We are creating a converter calculator based on React. Part 9: Connecting Redux and Router

Let’s talk about important and popular third-party libraries for React: Redux and Router. Why are they needed and how can these libraries be applied in practice. I will use the example of the calculator that we created in the previous parts of the cycle.

Previous part: Calculator converter based on React. Part 8: Currency Converter and Custom Data Parser

What is Redux?

Redux is a third-party library for managing the state of JavaScript applications. You already know how component states work in React. So Redux allows you to transfer these states from a bunch of different elements to a single control system that is separate from other project files, but always within reach. That is, the state of multiple components can be stored in a single repository. It can be updated from any React component and displayed in any React component.

Redux allows you to simplify the complex structures of passing data from parent components to descendants and from descendants back to parents.

It’s hard to say how appropriate it is to use Redux in our application. A lot of copies have already been hacked on this topic, and I will not repeat articles on the topic of how important it is to use certain technologies only in those situations when they are really needed. I’ll just show a basic example of how Redux works, and you can decide for yourself if you need it here. Or you can simply learn how to work with Redux and be able to use it in other applications.

We install Redux

First, you need to download the utility itself as an npm package and pull all dependent packages along with it to fully configure the basic version of the state store.
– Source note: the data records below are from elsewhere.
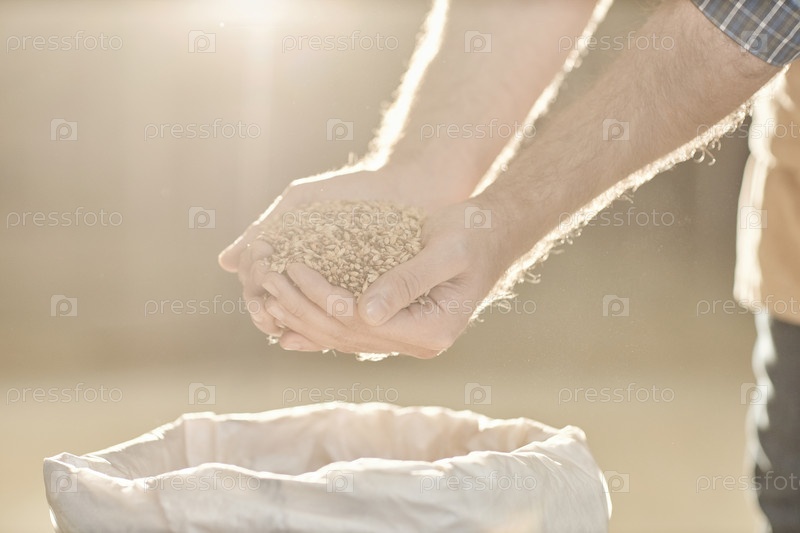 Мужские руки наливают пшеничные культуры в мешочки из шерсти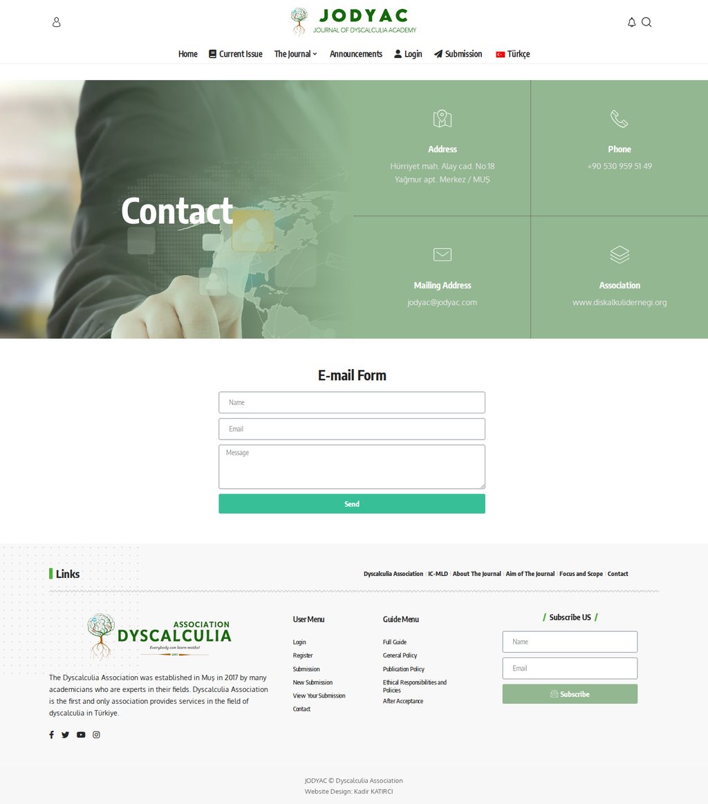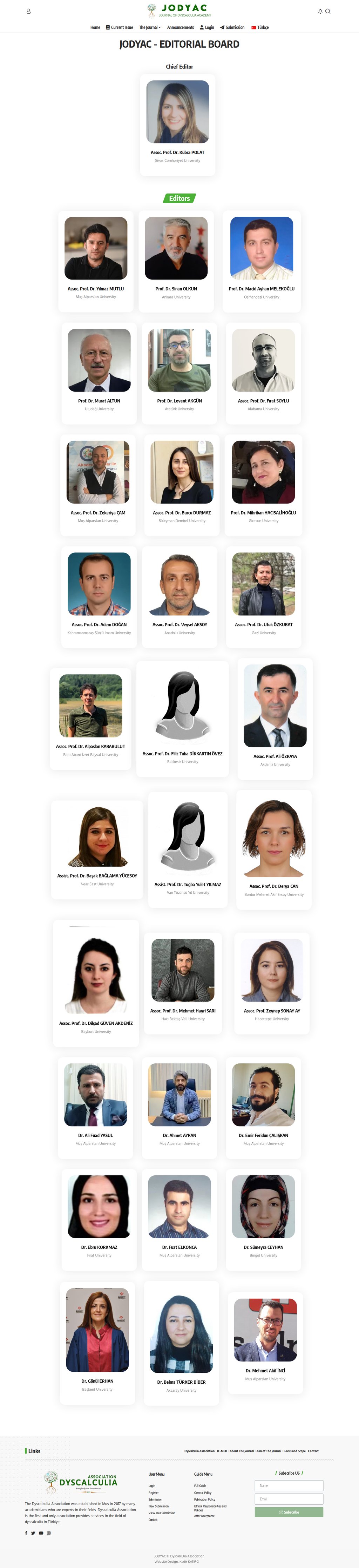 Diskalkuli alanında uluslararası akademik bir dergi platformu. Araştırmacılara yayın rehberi, editorial board bilgisi ve duyurular sunan bilimsel bir iletişim sitesi. Full Guide yazar kılavuzu, Editorial Board üye listesi ve duyurular bölümü içeriyor. Birincil dil İngilizce, Türkçe dil desteği mevcut.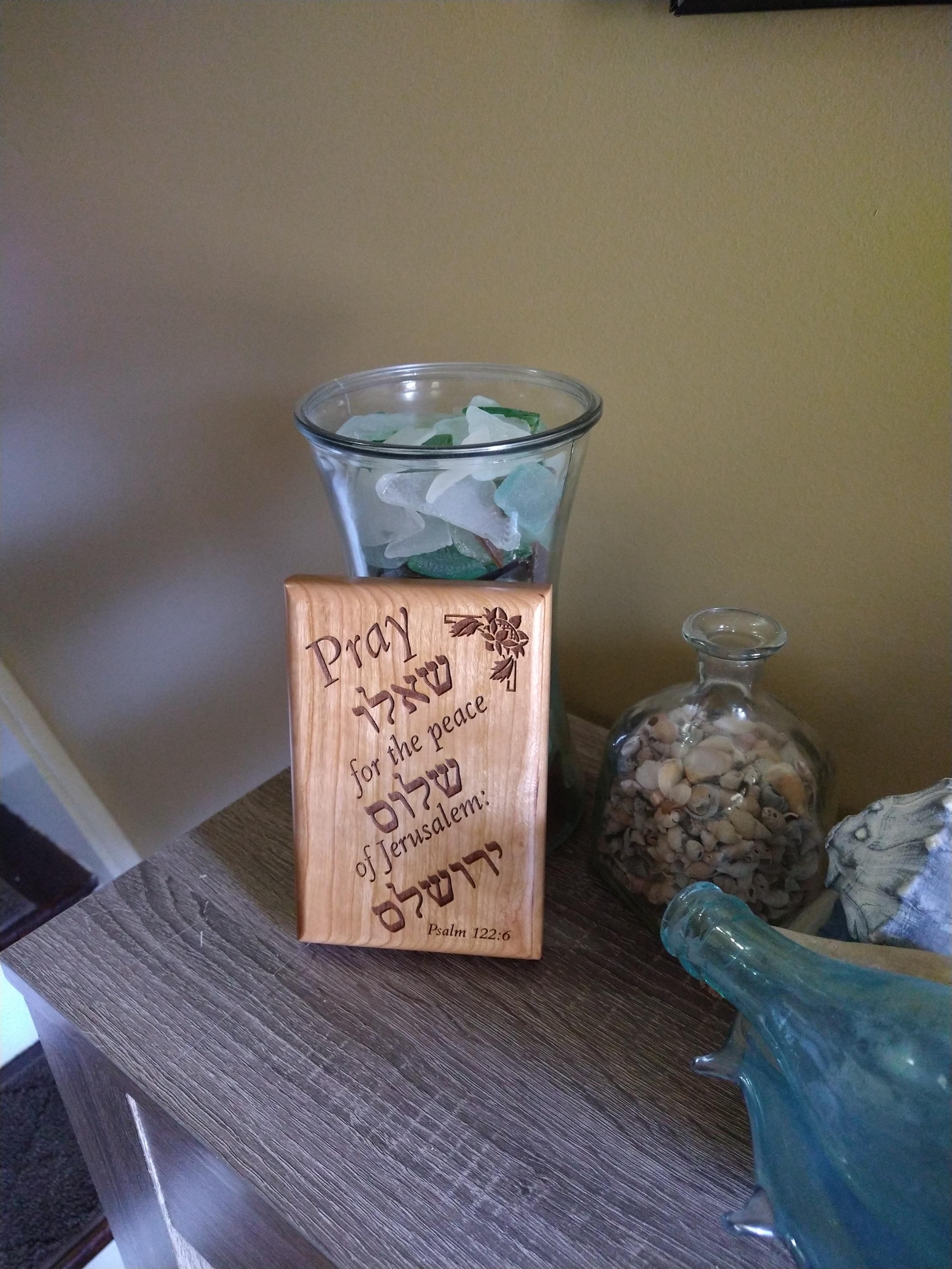 Pray for the peace of Jerusalem Christian, Hebraic, Messianic wall art in cherry, alder, or maple wood captures a simple message, ever so timely for our world today. Engraved with beauty and precision on your choice of cherry, maple or alder woods, this exquisite wall hanging measures 4 inches wide by 6 inches high. This timely Biblical message will add beauty and warmth to your home, office or church decor while gently reminding us to pray for the peace of Jerusalem. Add a custom personalized message at no added charge, on the back for that special gift for that special someone.

  • Open a terminal in the directory with our project.

  • Enter the command npm install react-redux

  • Then enter npm install @reduxjs/toolkit

After both commands work, you can proceed to the settings directly in the program.

Basic Redux setup

To begin with, we need to decide how Redux will be used in general and what we need it for. Since the number of Redux application scenarios is limited only by the imagination of programmers, no one can name the specific reasons for using Redux.

In our case, Redux will store the history of any calculations. Whether calculations in the calculator or some operations performed by the converter. That is, our History field will turn into a public space into which you can transfer information from any mode of operation of the program to save the received values.

With this information in mind, let’s move on to creating our first Redux repository.

First, we create the store.js file and save it in our project. This will be a JavaScript document containing the state of the components.

File manager in VS Code

As the content of the store.js file, you need to specify the basic Redux configuration with references to related components and an object that stores the state of the components.

Configuration of the store.js file

  • Import the configureStore configuration file.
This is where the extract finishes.